Ach das wusste ich nicht.. Dann hätt ich mir das ja sparen können! Ich habe schon den ganzen Tag versucht kontakt mit DTMS nexnet zu bekommen auf Mails Reagiert keiner und Tele kommt immer nur ein Ab..


----------



## Der Jurist (16 Oktober 2007)

*AW: 0900-Rechnung mit Angabe falscher Telefonnummer ?*



Unregistriert schrieb:


> ....  Ich habe schon den ganzen Tag versucht kontakt mit DTMS nexnet zu bekommen auf Mails Reagiert keiner und Tele kommt immer nur ein Ab..

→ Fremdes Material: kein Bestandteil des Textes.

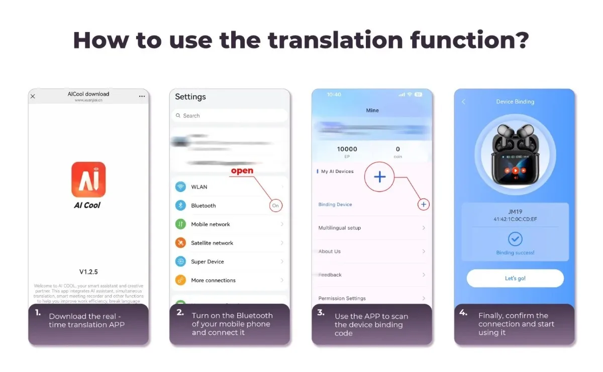 ●Yes, the packaging list contains user manuals and device binding codes for AI translation. Follow the manual instructions, download the application and scan the bound device.

Versuche es  hier unter "Frühe Schreiben, spät gepostet".  Einfach blaue Schrift anklicken. In der Übersicht findest Du Links zu Musterschreiben und auch Verbindungsdaten.


----------



## Aka-Aka (16 Oktober 2007)

*AW: 0900-Rechnung mit Angabe falscher Telefonnummer ?*

Leider bist du nicht registriert... sonst könnte ich Dir einen persönlichen Ansprechpartner bei dtms sagen.
Sende bitte eine Mail an qm(at)dtms.de
QM steht für "Qualitätsmanagement" 

War das nicht dtms, die mal dieses tolle System mit der "virtuellen Empfangsdame" hatten? Das war so eine Eingabemaske, wenn man da als Frage geschrieben hat "ihr seid miese Abzocker", kam als Antwort "sie haben Probleme mit einer Mehrwertnummer?"


s.a.
http://www.service-nexnet.de/

[offtopic]
DANA hieß dieser "Lingubot"





(Quelle: aka-akas Archiv der Mehrwertskurillitäten)


> DANA: Neben dem „guten Ton“ habe ich zuerst jede Menge Daten und Fakten über dtms gelernt.


Hmm.


----------



## Unregistriert (17 Oktober 2007)

*AW: 0900-Rechnung mit Angabe falscher Telefonnummer ?*

Ich ich weiß ja nicht ist DTMS und nexnet ein und das selbe?? Bei mir steht DTMS gmbh Nexnet ich habe den drei mail geschickt an [email protected] keine Antwort. 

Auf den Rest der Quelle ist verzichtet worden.